The jig is up. The act behind the most bewildering ambient techno of the past 15 years is not a shadowy syndicate or group of evil geniuses. It’s actually just Izaak Schlossman, who started the project back in Seattle as part of a crew called Aught. The proliferation of aliases, and the artist’s eventual move to San Francisco—where he started the synth-pop band Loveshadow—caused lingering confusion. No one could decide where Topdown Dialectic was based, or how many people it was, or if people were even making the music, instead of algorithms or bots. (Past press materials have referred to the project as “electronic designs” made using “software strategies,” and more than once I’ve been told by people in the know: “Topdown Dialectic is a process.”) But now the 20,000 r/TheOverload followers who couldn’t sleep at night can rest easy: We found our guy.
For those not in the know, Topdown Dialectic was originally a faceless project putting out clear cassettes of washed-out dub techno in clear cases with absolutely no packaging or info. The tracks were all exactly five minutes long, which lent further mystery, as if they’d been produced by some arcane assembly line. As the project evolved, it broke off from the Aught collective, eventually landing on Brian Foote’s Peak Oil label, where Topdown Dialectic became a (relative) hot commodity. The records sold out in a matter of days, and nerdy online chatter escalated with each repress.
And why did people care so much? Because, like the presentation, the music said as much as it didn’t say. Topdown Dialectic tracks are like film negatives exposed to light for a split second: murky and hard to place, with once-familiar shapes bled out into blobs. You might get the occasional techno beat, chord stab, or even vocal sample. There’s something intoxicating about not knowing what you’re listening to, about only catching snippets of familiar sounds, like branches and leaves caught in river rapids. The new LP takes that sense of dissolution to a whole new level, more impressionistic and bewitching than before, with barely there rhythms that randomly surface and disappear.
This lengthy 2xLP blends archival material, recorded between 2013 and 2016, with more recent cuts. Despite its grab-bag approach, False LP A follows the trend of each Topdown release being weirder and more reduced than the last. Those looking for leftfield techno bangers might be disappointed with the opener, which feels ghostly and dissipated even by Topdown standards. Every once in a while a crow calls, but there’s not much structure to it, with the sounds listlessly bouncing off the walls imposed by the five-minute runtimes instead of cohering into a rhythm.

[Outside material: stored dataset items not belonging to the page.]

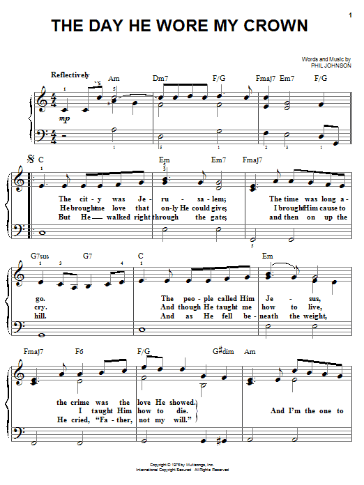 Download or print Sandi Patty The Day He Wore My Crown sheet music, chords and digital score arranged for Big Note Piano. This Christian score includes 3 page(s).
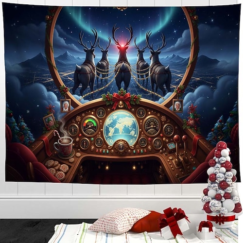 Arazzo natalizio con scena innevata – arazzo da parete con paesaggio invernale da favola, arazzo decorativo con motivo di albero di Natale e paesaggio forestale con fiocchi di neve per la casa, la
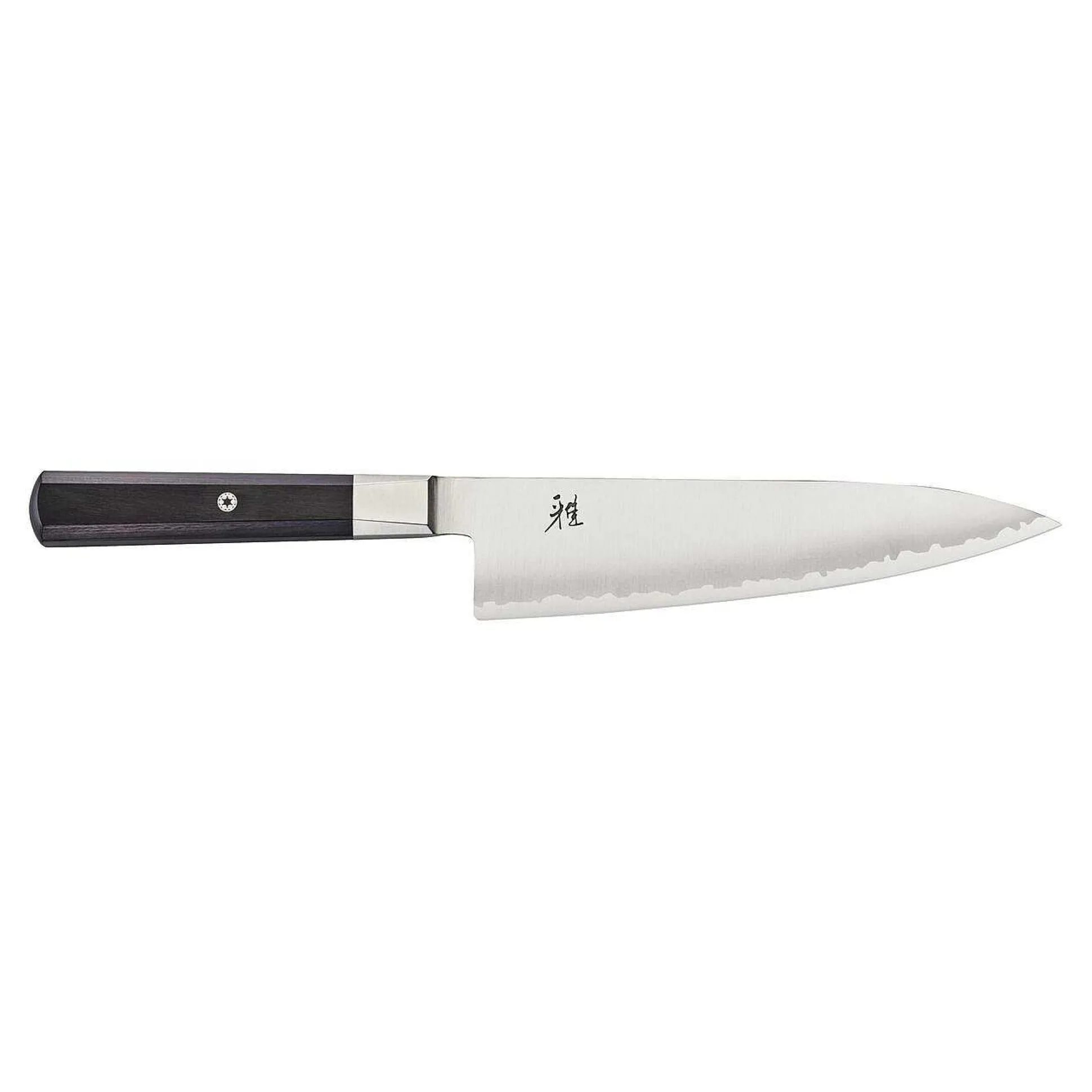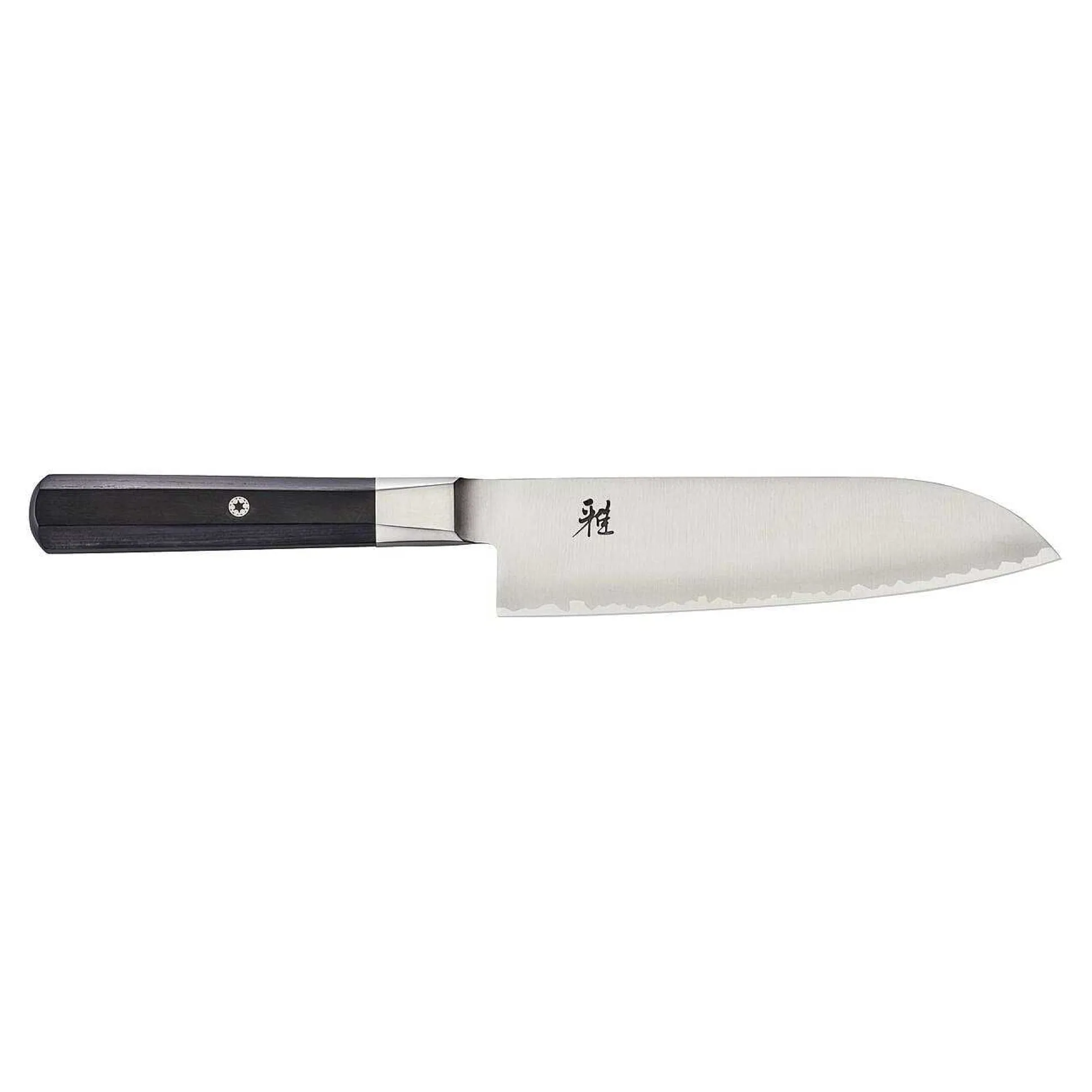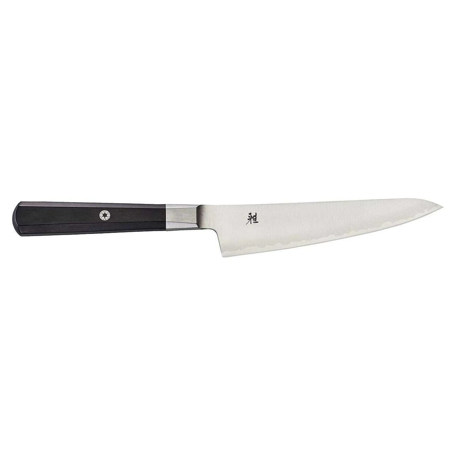 - Mirror-polished blade features Japanese design details: sandblasted katana edge and embossed MIYABI logo

As False LP A lumbers to life, more things happen: On “03,” huge basslines offer a reminder of the project’s origins in kinda-sorta dance music. “05” is deconstructed dub techno, as vocal sounds gasp and burp in the midst of all the washed-out digital detritus, and on “10,” a string melody that sounds a whole lot like Pépé Bradock’s “Deep Burnt” wanders into the fuzzy frame. The little bit of slap bass from Vol. 2 makes an incredibly brief appearance on “12,” and the way the rhythm repeats on “11” reminds me of a basketball being dribbled in slow motion. The slightest details, or the smallest bits of structure, are what stick out—what can feel like an amorphous ooze of nothingness suddenly snaps into place thanks to a rhythmic rattle or jagged vocal sample. It’s almost like a game: a Where’s Waldo for recognizable sounds in an otherwise slippery sonic ecosystem.

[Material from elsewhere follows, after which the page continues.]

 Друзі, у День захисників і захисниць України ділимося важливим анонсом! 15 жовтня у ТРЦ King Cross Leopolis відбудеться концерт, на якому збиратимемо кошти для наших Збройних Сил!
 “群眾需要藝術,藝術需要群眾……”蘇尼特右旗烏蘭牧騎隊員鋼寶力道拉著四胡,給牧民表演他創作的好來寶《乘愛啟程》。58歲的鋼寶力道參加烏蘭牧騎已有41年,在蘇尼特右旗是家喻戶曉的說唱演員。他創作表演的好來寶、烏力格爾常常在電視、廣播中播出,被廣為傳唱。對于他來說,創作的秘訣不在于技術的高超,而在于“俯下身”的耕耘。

The shimmering, loopy textures are similar to vaporwave, but Topdown Dialectic also reminds me of Akira Rabelais, who designed an arcane sampler called the Argeïphontes Lyre, which takes in media and spits out something ghostly that bears almost no resemblance to to the original, with cryptic settings you can turn up or down to equally mysterious effect. It’s been used productively by artists like Biosphere and Jake Muir, though it also has a way of flattening music. But False LP A feels thrillingly three-dimensional, with rough edges and a deeply physical sound. For a genre that feeds off formula and precedent, Topdown Dialectic is a breath of fresh air because it doesn’t really sound like anything else out there, except perhaps for the enigmatic entity known as False Aralia, which—spoiler alert—is also Schlossman, who is swiftly becoming one of electronic music’s most distinctive and original producers.